Robust Beamforming Design for Secure Near-Field ISAC Systems

• Published in: IEEE wireless communications letters Vol. 14; no. 10; pp. 3089 - 3093
• Main Authors: Chen, Ziqiang, Wang, Feng, Han, Guojun, Wang, Xin, Lau, Vincent K. N.
• Format: Journal Article
• Language: English
• Published: Piscataway IEEE 01.10.2025; The Institute of Electrical and Electronics Engineers, Inc. (IEEE)

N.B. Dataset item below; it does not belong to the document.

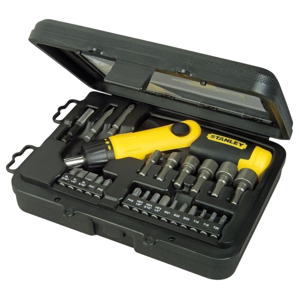 Seti Stanley me 25 maja kaçavide, 1 adaptor dhe 1 zgjatues ofron një gamë të gjerë zgjidhjesh për vidëzim preciz dhe efikas në çdo lloj pune mekanike, ndërtimi apo mirëmbajtjeje. I përfshirë me profile të ndryshme si PH1, PH2, PH3, PZ5, PZ6, PZ7, T10, T15, T20, si dhe maja gjashtëkëndore (Hex) 3 mm, 4 mm, 5 mm dhe përmasa 5 mm deri në 11 mm, ky set garanton përshtatshmëri maksimale për një sërë aplikimesh. Të gjitha pjesët janë të prodhuara nga çelik i fortë krom-vanadium (Cr-V), që ofron rezistencë të lartë ndaj konsumimit dhe jetëgjatësi të shtuar. Adaptori siguron përputhje të shpejtë me pajisje manuale apo elektrike. Një zgjedhje praktike dhe e besueshme për përdoruesit që kërkojnë cilësi dhe funksionalitet në një set kompakt.

• Subjects: Array signal processing; Beamforming; Constraints; Copper; Eavesdropping; Information leakage; Integrated sensing and communication; Interference; Linear antenna arrays; Linear matrix inequalities; Near fields; Near-field integrated sensing and communication; robust design; Robustness (mathematics); S-Procedure; secure communication; Signal to noise ratio; Training; Uncertainty; Vectors
• ISSN: 2162-2337; 2162-2345
• DOI: 10.1109/LWC.2025.3586249

This letter investigates the robust beamforming design for a near-field secure integrated sensing and communication (ISAC) system with multiple communication users (CUs) and targets, as well as multiple eavesdroppers. Taking into account the channel uncertainty constraints, we maximize the minimum sensing beampattern gain for targets, subject to the minimum signal-to-interference-plus-noise ratio (SINR) constraint for each CU and the maximum SINR constraint for each eavesdropper, as well as the ISAC transmit power constraint. The formulated design problem is non-convex. As a low-complexity suboptimal solution, we first apply the S-Procedure to convert semi-infinite channel uncertainty constraints into linear matrix inequalities (LMIs) and then use the state-of-the-art sequential rank-one constraint relaxation (SROCR) method to address the rank-one constraints. The numerical results show that the proposed ISAC beamforming design scheme outperforms the existing semidefinite relaxation (SDR) and other baseline schemes, and it significantly enhances security and robustness for near-field ISAC systems.